● **TASK TO COMPLETE**
Reproduce word for word the line holding "Caring for Astrophytum" and all lines after it in the data, through the end, leaving out pictures.

● **INFORMATION SUPPLIED**
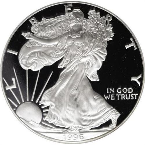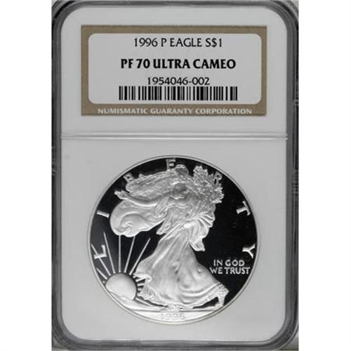 <B>1996-P $1 Silver Eagle PR70 Deep Cameo NGC.</B></I> NGC Census: (273/0). PCGS Population (53/0). Numismedia Wsl. Price for NGC/PCGS coin in PR70: $725. (#9910)<BR><BR><b>Shipping:</b> Coins & Currency (<a target="_blank" href="http://www.heritageauctions.com/common/shipping.php">view shipping information</a>)
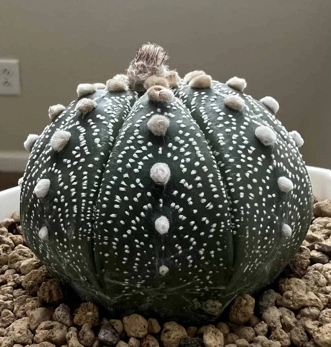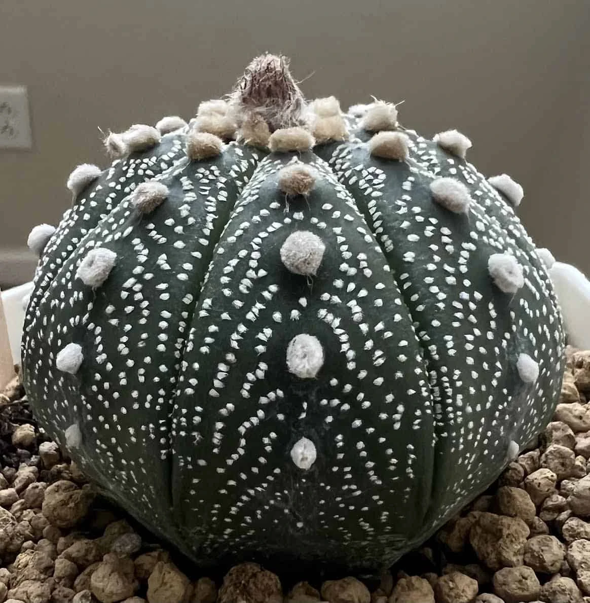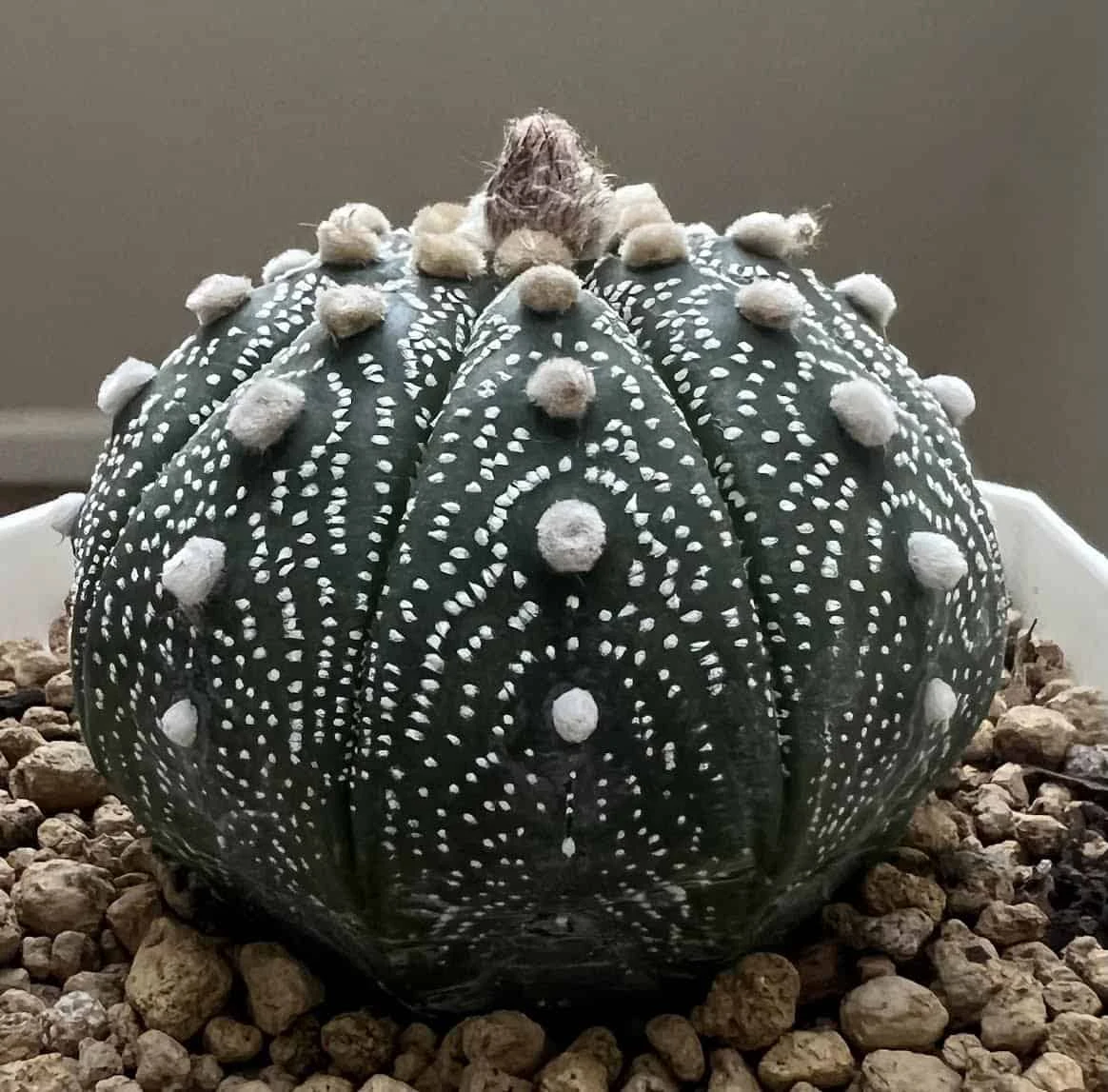 Caring for Astrophytum requires patience, as this plant is a slow bloomer and may not reach its full potential for several years. Keep this cactus regularly watered and lightly fertilized during its growing season, and then repot it annually to allow more room for development.
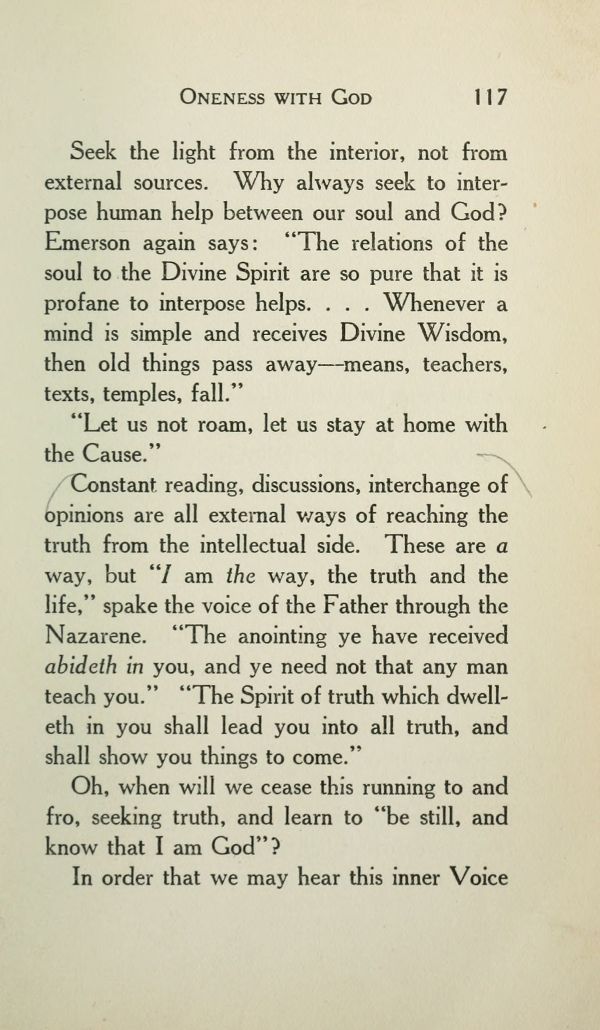 Seek the light from the interior, not from external sources. Why always seek to interpose human help between our soul and God? Emerson again says: "The relations of the soul to the Divine Spirit are so pure that it is profane to interpose helps. . . . Whenever a mind is simple and receives Divine Wisdom, then old things pass away --- means, teachers, texts, temples, fall."
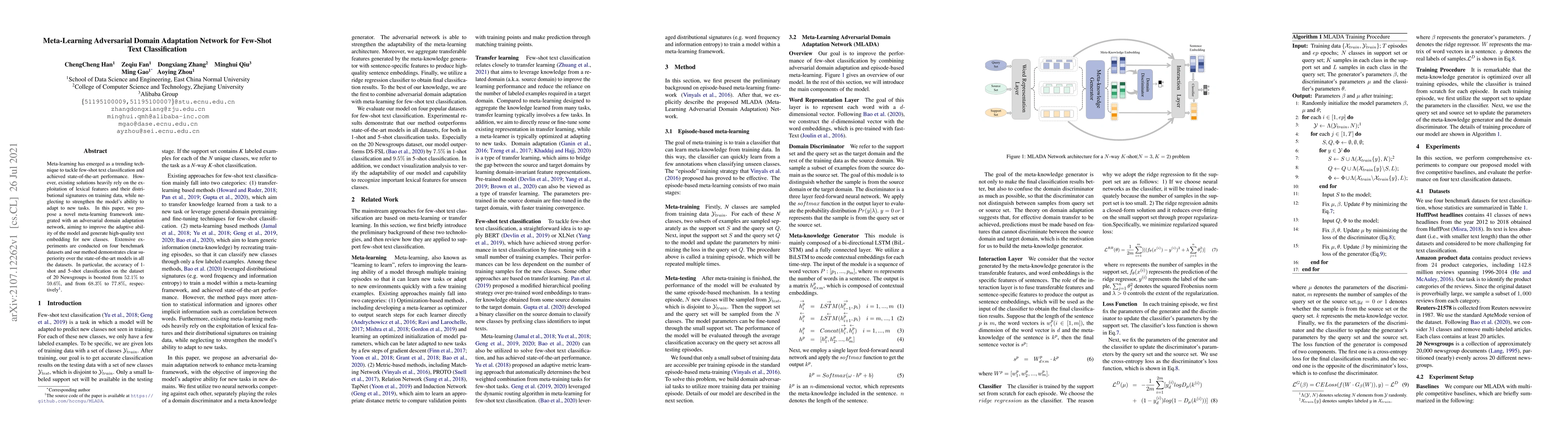 This paper proposes a meta-learning framework with an adversarial domain adaptation network to enhance few-shot text classification, showing improved adaptability and superior performance over existing methods on four benchmark datasets, particularly boosting accuracy on the 20 Newsgroups dataset.

● **RESULT OF THE EXERCISE**
 Caring for Astrophytum requires patience, as this plant is a slow bloomer and may not reach its full potential for several years. Keep this cactus regularly watered and lightly fertilized during its growing season, and then repot it annually to allow more room for development.
 Seek the light from the interior, not from external sources. Why always seek to interpose human help between our soul and God? Emerson again says: "The relations of the soul to the Divine Spirit are so pure that it is profane to interpose helps. . . . Whenever a mind is simple and receives Divine Wisdom, then old things pass away --- means, teachers, texts, temples, fall."
 This paper proposes a meta-learning framework with an adversarial domain adaptation network to enhance few-shot text classification, showing improved adaptability and superior performance over existing methods on four benchmark datasets, particularly boosting accuracy on the 20 Newsgroups dataset.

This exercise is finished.